The moment of triumph for HBO is coming at a time of transition for the network, which since last year has been run by a debt-ridden parent company, Warner Bros. Discovery. The network is now part of a streaming service that removed its call letters (bye HBO Max, hello Max). And, for the first time, HBO is in the process of licensing revered older series — “Insecure,” and soon “Six Feet Under,” “Band of Brothers” and “True Blood” — to its archrival, Netflix, in an attempt by Warner Bros. Discovery to drum up cash.
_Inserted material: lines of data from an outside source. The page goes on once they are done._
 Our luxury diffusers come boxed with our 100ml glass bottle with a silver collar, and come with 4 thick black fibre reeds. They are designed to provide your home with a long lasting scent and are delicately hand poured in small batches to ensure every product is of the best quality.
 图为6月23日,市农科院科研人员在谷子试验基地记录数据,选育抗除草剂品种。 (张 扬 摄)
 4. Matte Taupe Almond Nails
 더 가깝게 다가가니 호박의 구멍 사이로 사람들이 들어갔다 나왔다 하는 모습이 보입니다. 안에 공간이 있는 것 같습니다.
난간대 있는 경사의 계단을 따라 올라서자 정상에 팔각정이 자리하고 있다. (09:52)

HBO had the three most nominated shows: “Succession” (27), “The Last of Us” (24) and “The White Lotus” (23). The race for best actor in a drama is shaping up as yet another “Succession” Roy family competition, pitting the one-time winner Jeremy Strong against the two-time nominee Kieran Culkin and the four-time nominee (and one-time winner, for a 2000 mini-series) Brian Cox. And HBO completely swept the best supporting actor in a drama category: eight out of eight, all split between performers from “Succession” and “The White Lotus.”

Of course, the last time a single network earned four nominations in the best drama category, 31 years ago, it came home empty-handed. It was in 1992, when NBC landed nominations for “I’ll Fly Away,” “L.A. Law, “Law & Order” and “Quantum Leap.” All four series lost to that year’s winner, “Northern Exposure,” from CBS.
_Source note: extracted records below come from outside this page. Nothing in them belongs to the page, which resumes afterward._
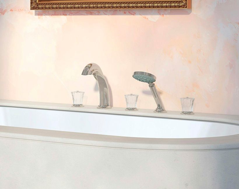 Смеситель для ванны THG Mille Nuits - Clear crystal на 3 отверстия устанавливаемый на борту - излив СУПЕР ГОЛИАФ
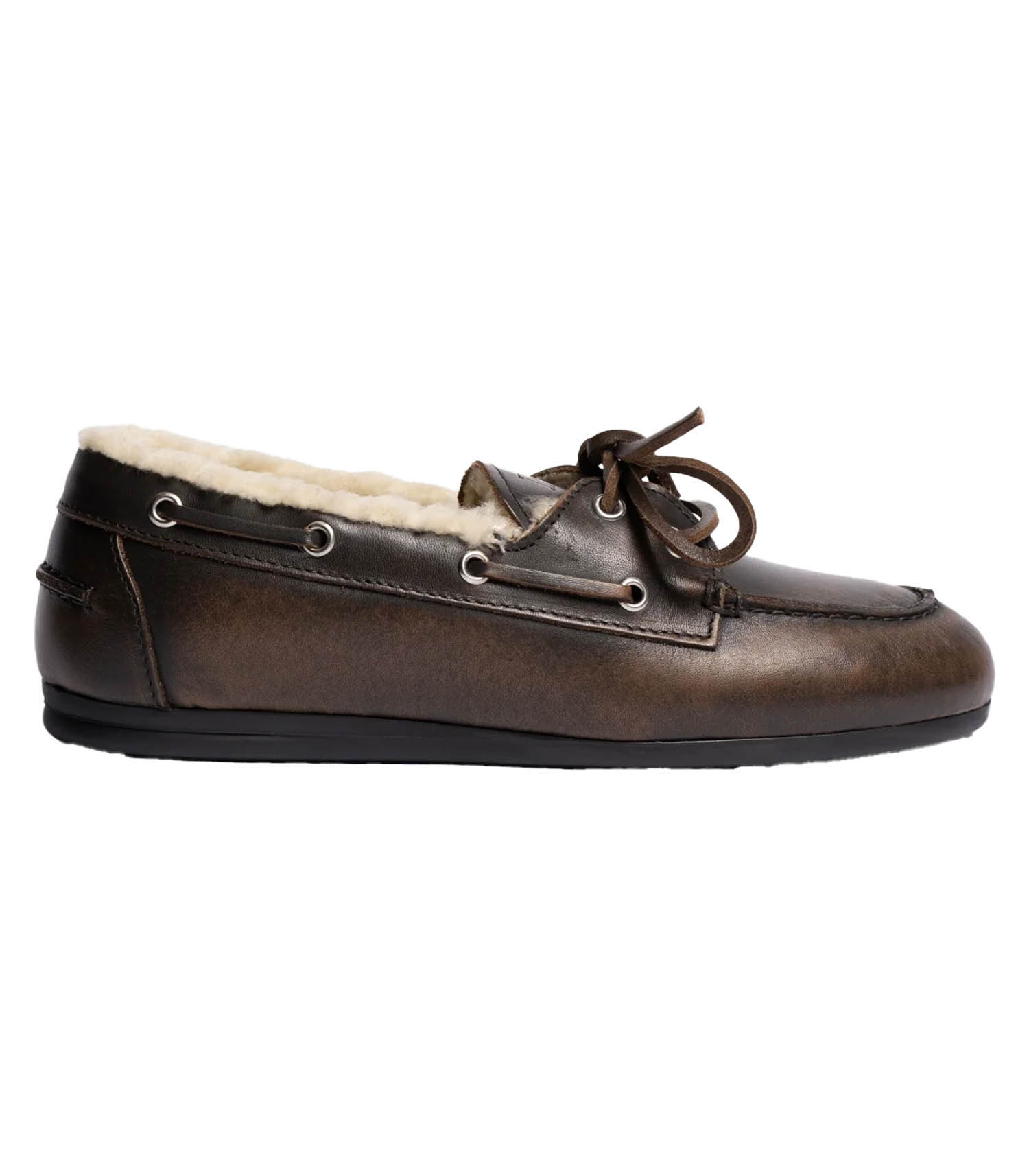 Mocassins Boat Brushed Fur Coffee signés Posa. Le charme vintage rencontre le confort naturel de ces mocassins style bateau en cuir raffiné à la finition vintage et à la doublure intérieur en fourrure écru pour une touche luxueuse. Cette dernière assure un ajustement parfait, les rendant aussi confortables qu'élégants.
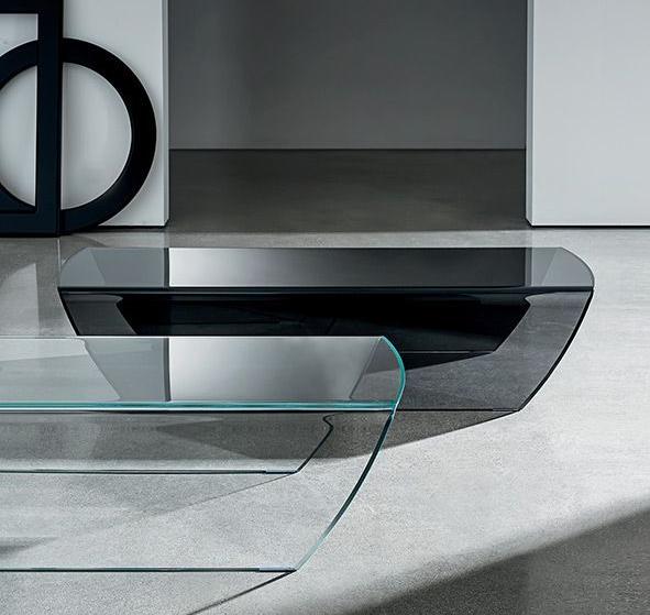 Сверхлегкий журнальный столик из дымчатого или лакированного однотонного или двухцветного гнутого стекла.
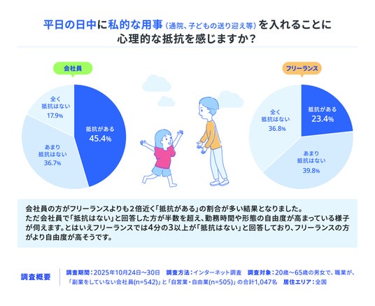 平日の日中に私的な用事を入れることに心理的な抵抗を感じるかについて聞いたところ、「抵抗がある」の回答は会社員が45.4%、フリーランスが23.3%となり、20%近い差が出ることがわかりました。
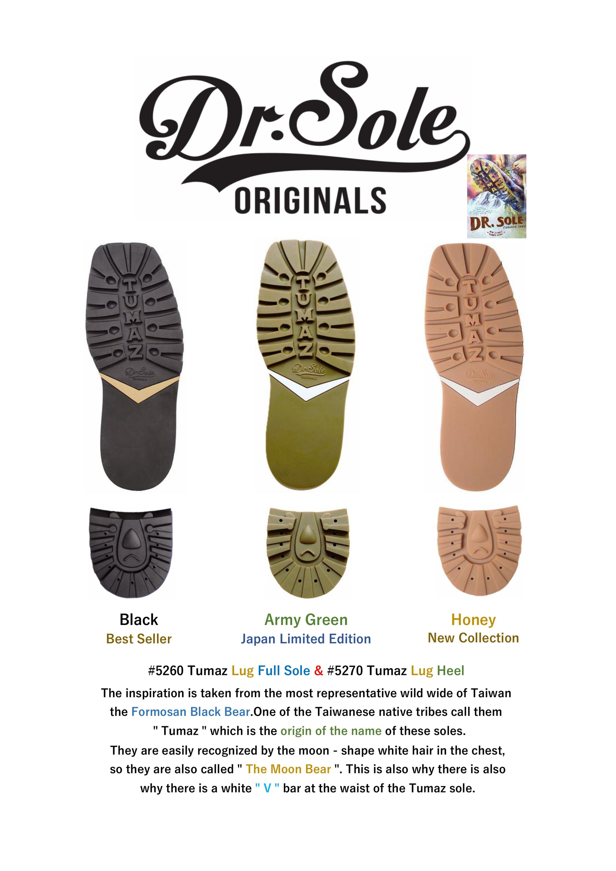 Dr. Sole's very first lug soles - Tumaz. The inspiration is taken from the most representative wildlife of Taiwan - the Formosan Black Bear. One of the Taiwanese native tribes call them “Tumaz,” which is the origin of the name of these soles.
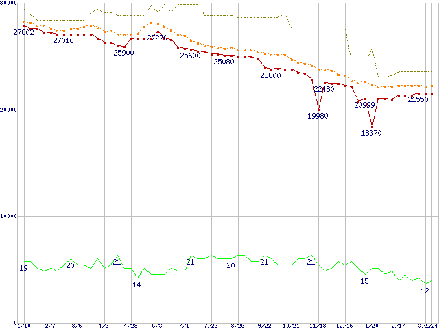 ※このグラフは過去のデータも税率5%相当に調整した税込み相当額のグラフです。 税率変更や、総額表示方式導入(2004年4月)の影響は除いています。 | | | ●凡例 | 最安値 (点線部は販売店未確認 または未調査) | 平均値 | 最高値 | ショップ数 |
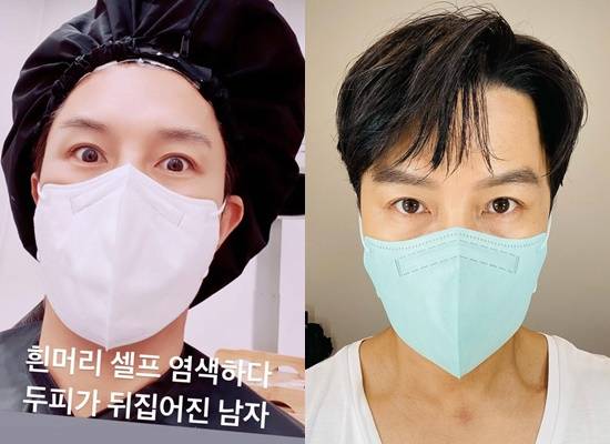 가수 겸 탤런트 김동완이 흰머리 셀프 염색 고충을 토로했다.

This year’s best actor in a comedy category will pit Jason Sudeikis, who has won two years in a row for playing the title role in “Ted Lasso,” against Jeremy Allen White, who plays an ambitious and anxious chef in “The Bear.” The other nominees in the category are Bill Hader for “Barry,” Jason Segel for “Shrinking” and Martin Short for “Only Murders in the Building.”

Award prognosticators believe that Quinta Brunson could be on a glide path to winning for “Abbott Elementary.” Brunson took writing honors at the Emmys last year for her good-natured ABC workplace comedy, and would be the first Black woman to win best actress in a comedy since Isabel Sanford won in 1981 for “The Jeffersons.” She will face Christina Applegate from “Dead to Me,” Rachel Brosnahan for “The Marvelous Mrs. Maisel,” Natasha Lyonne for “Poker Face” and Jenna Ortega for “Wednesday.”